Laptop Computers' Mice -- Exterminated By a Touch?

April 18, 1995

For those of you who consider computers a bit overwhelming, consider the mouse -- that cute-looking pointing device that moves the cursor around the screen. Even its most sophisticated operations -- called clicking and dragging -- are readily understandable. Maybe that's why the mouse, an old technology, still thrives in an industry driven by newness.

Nevertheless, the mouse is scampering into an uncertain future. A new device, called a touchpad, threatens to overtake it.

The touchpad's debut comes in portable computers, which is not surprising. Portables and mice have always had an uneasy relationship. I realized the two were headed for a split the first time I lugged a 386-class portable onto an airplane. The machine and the mouse wouldn't fit together on the tray table. I had to rub the mouse on my leg to move the cursor. I think I drew some stares.

Computer manufacturers came to my rescue with trackballs, which are essentially computer mice turned upside down. These made portables easier to use.

Still, the trackball was a compromise, so new rivals popped up. Hewlett Packard brought out a gizmo that stuck out the side of one of its portables. IBM gained a following with a knob in the center of its ThinkPad portable called the TrackPoint. The next step in this evolution is the touchpad.

For the past week, I've been using one integrated into the Sharp PC-8700 notebook. It's a nifty little rectangle in front of the space bar. Except for two buttons, there are no moving parts. The touchpad just uses what George Gerpheide, president of Cirque Corporation, likes to call ''the world's oldest pointing device'' -- the finger.

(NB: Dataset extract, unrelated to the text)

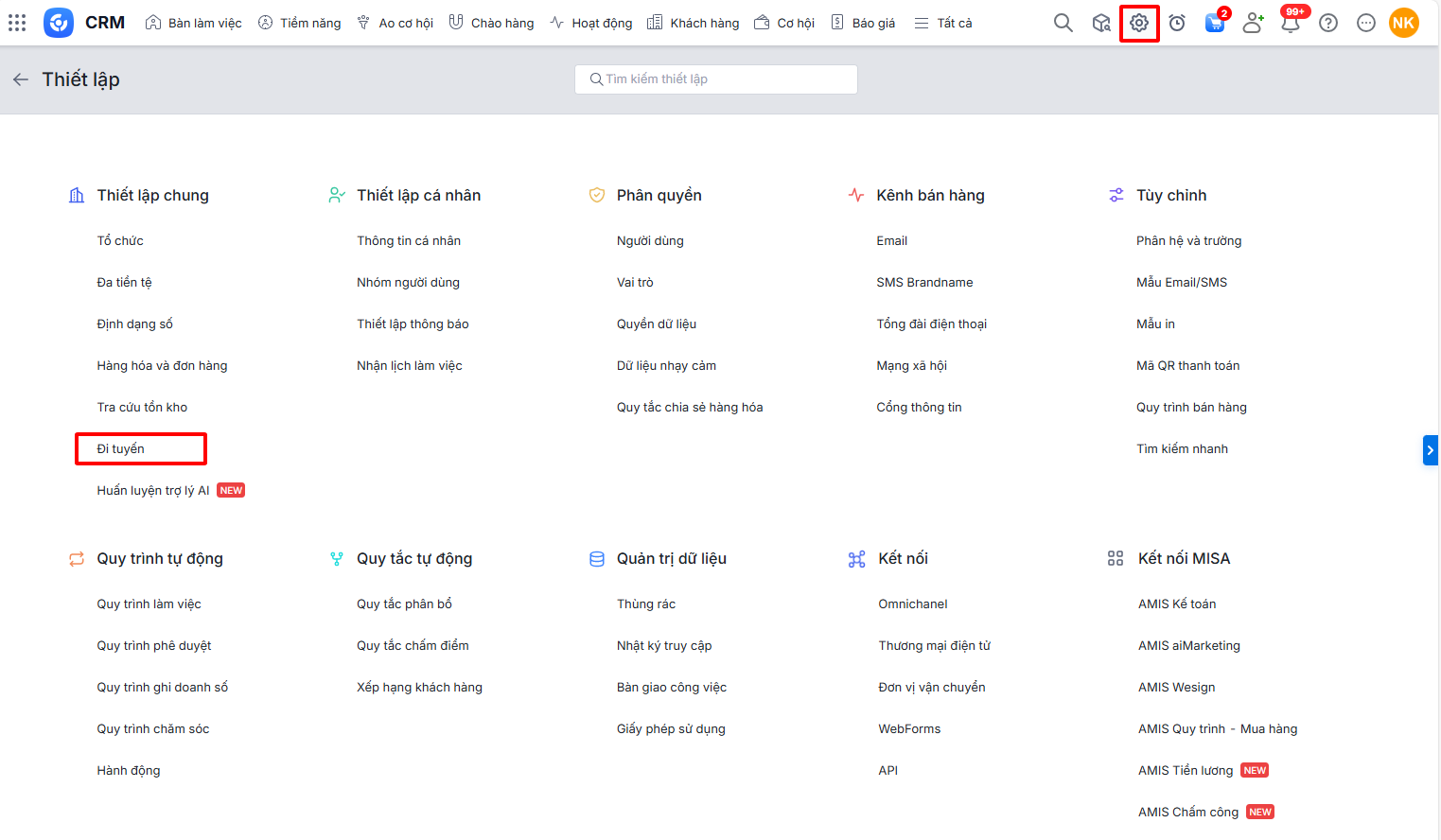 - Thiết lập đồng bộ vị trí trên AMIS CRM (phiên bản Web)

Sliding one's finger along the electronically sensitized pad moves the cursor in the same direction.

Mr. Gerpheide says he invented the technology nearly a decade ago in his basement. Last year, his company and a large manufacturer, Alps Electric (USA) Inc., began marketing stand-alone touchpads, which attach to existing portables. Apple Computer was the first company to integrate the technology into a portable. Now manufacturers such as Sharp and Twinhead are doing the same thing for IBM-compatible portables.

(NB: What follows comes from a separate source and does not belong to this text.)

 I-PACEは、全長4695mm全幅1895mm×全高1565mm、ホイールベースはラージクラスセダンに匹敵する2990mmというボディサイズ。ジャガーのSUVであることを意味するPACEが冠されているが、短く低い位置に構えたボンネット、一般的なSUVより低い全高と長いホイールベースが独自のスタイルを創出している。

Cirque's GlidePoint seems to be a winner. PC Magazine named it one of the best products of 1994. Its sales are doubling every four months. BIS Strategic Decisions predicts that 70 percent of notebook computers will be equipped with a touchpad by 1998.

After a week, I, too, am a believer. You can use the pad not only to point but also to click and double-click. That's far simpler than moving your hand from keyboard to trackball to trackball button. I wouldn't want to finger-paint the Mona Lisa on a touchpad. But for simple, day-to-day operations on a portable computer, it's the best integrated device I've used so far.

Still, it could be improved. It would be great to be able to sign one's name on an electronic document or draw a map using some kind of stylus, for instance, but the technology is sensitive only to the touch of a finger. New versions will allow absolute as well as relative movements, so if you touch the top right-hand corner of the pad, your cursor will jump to the same place on the screen. Alps and Cirque suggest the technology could show up in controls for other electronic devices.

No one knows what all this means for the mice attached to desktop computers. Gerpheide thinks his technology will win that market, too. Bill Ablondi of BIS is less certain. ''I would guess the mouse would be around a little longer,'' he says.

Call me sentimental, but I agree. The mouse deserves to keep his place on the desktop. It's hard to cuddle a touchpad.